***** Data

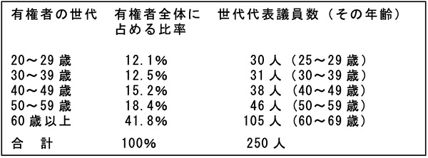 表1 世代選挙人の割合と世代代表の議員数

**********
***** Data

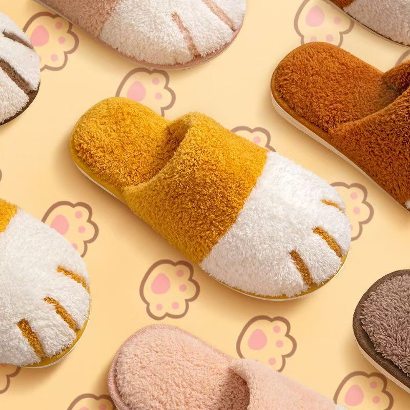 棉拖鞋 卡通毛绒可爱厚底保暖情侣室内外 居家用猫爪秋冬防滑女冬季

**********
***** Data

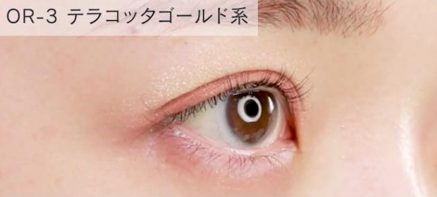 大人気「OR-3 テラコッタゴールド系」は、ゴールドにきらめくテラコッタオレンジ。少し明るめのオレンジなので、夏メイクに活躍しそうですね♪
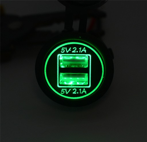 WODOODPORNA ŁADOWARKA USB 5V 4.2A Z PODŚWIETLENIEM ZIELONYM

**********

Would you please reproduce the entries above, starting at the line with "大人気「OR-3 テラコッタ" and stopping after the line with "WODOODPORNA ŁADOWARKA USB"? Omit any pictures.

**Result for this task:**
 大人気「OR-3 テラコッタゴールド系」は、ゴールドにきらめくテラコッタオレンジ。少し明るめのオレンジなので、夏メイクに活躍しそうですね♪
 WODOODPORNA ŁADOWARKA USB 5V 4.2A Z PODŚWIETLENIEM ZIELONYM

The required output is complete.